Страница 5 из 44
Он помолчал.
— И теперь — вот это! — выкрикнул он, хлопнув ладонью по письму.
— Мне очень жаль, что твой отец прислал это письмо, раз оно так тебя раздражает, — заметила Хильда. Словно не слыша ее, Дэвид продолжал:
— Просит меня привезти на Рождество жену, надеется, что мы всей семьей соберемся на этот праздник! Что это может означать?
— Разве так уж обязательно искать что-то между строк? — спросила Хильда.
Он посмотрел на нее с недоумением.
— Я хочу сказать, — улыбнулась она, — что он просто стареет, становится сентиментальным и начинает ценить семейные узы. Такое частенько случается, как тебе известно.

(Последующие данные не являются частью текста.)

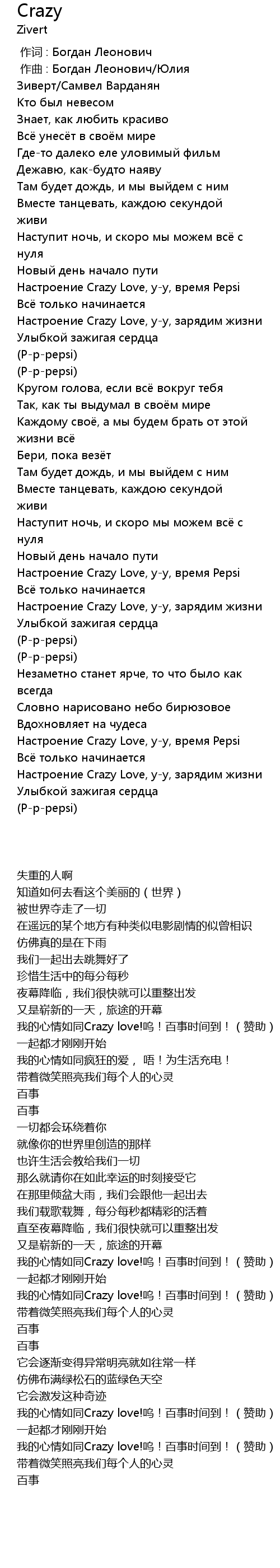 Настроение Crazy Love, у-у, время Pepsi |

— Наверное, — не сразу отозвался Дэвид.
— Он старик, и ему одиноко.
Он бросил на нее быстрый взгляд.
— Ты хочешь, чтобы я поехал, верно, Хильда?
— Нехорошо пренебрегать отцовским приглашением. Наверное, я несколько старомодна, и поэтому мне трудно понять, почему хотя бы на Рождество не забыть о распрях? Ведь это тихий семейный праздник…
— Забыть после всего, что было?
— Я понимаю тебя, мой дорогой, я понимаю. Но все это уже в прошлом. Все давным-давно миновало.
— Только не для меня.
— Потому что ты не хочешь об этом забыть. И снова и снова к этому возвращаешься…
— Я не могу забыть.
— Нет, ты просто не хочешь, не так ли, Дэвид?
Он сжал губы.
— Такие уж мы, семья Ли. Мы все помним, ничего не забываем.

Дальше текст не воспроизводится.